Shared and unique genes and pathways between neuropathic and inflammatory pain assays

Background

Current studies mostly concentrate on behavioral differences and have not yet systematically elucidated the molecular distinctions among various chronic pain models.

Methods

To identify the similarities and differences in gene expression among mice of three kinds of pain models, i.e., spared nerve injury (SNI) model, chronic constriction injury of the sciatic nerve (CCI) model, and the complete Freund’s adjuvant-induced chronic inflammatory pain (CFA) model. The lumbar enlargement segments (L5-L6) were collected. Total mRNA was extracted for RNA sequencing. The differentially expressed genes were analyzed by bioinformatics, including GO analysis, KEGG analysis, and PPI network to explore the functions.

Results

Commonalities and significant variations in gene expression were observed among the three pain models. Compared with Sham, there were 60 shared differential genes among the three models, which were mainly involved in oxidative phosphorylation-related biological process (e.g., mt-Nd1).

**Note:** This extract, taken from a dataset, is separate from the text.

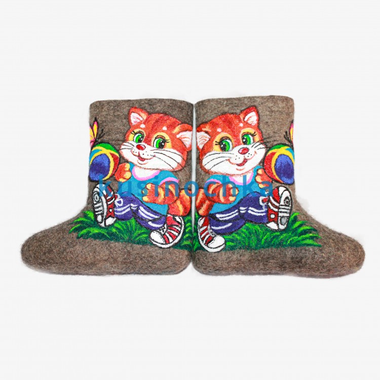Купите в нашем интернет-магазине от пимокатного цеха "Кусиночка" г. Куса, красивые и теплые валенки-самокатки для детей с нарисоваными акриловыми красками котом-футболистом. Детские валенки "Кот-футболист" по настоящему стануть отличным подарком Вашему ребенку или внуку на престоящие праздники, ведь они не только согреют ноги Вашего ребенка, но и станут прекрасным дополнением к его зимнему гардеробу.

Compared with CCI, SNI upregulated genes were associated with inflammation response (e.g., Ifi204, Ifi27), while downregulated genes were linked to microtubule-based movement (e.g., Dnah7b, Hcmn1); When compared with SNI, CFA upregulated genes were related to axon development (e. g., Oprm1, Gucy1a2, Syn3), whereas downregulated genes were associated with oxidative phosphorylation (e. g., Rpl41, Rpl21); In contrast to CCI, CFA upregulated genes pertained to axon development (e. g., Zbtb16), while downregulated genes were connected to oxidative phosphorylation (e. g., Cyp3a13).

Conclusions

The three widely employed chronic pain models exhibit both similarities and distinctions, and genes that vary across all three models may serve as potential targets for chronic pain research.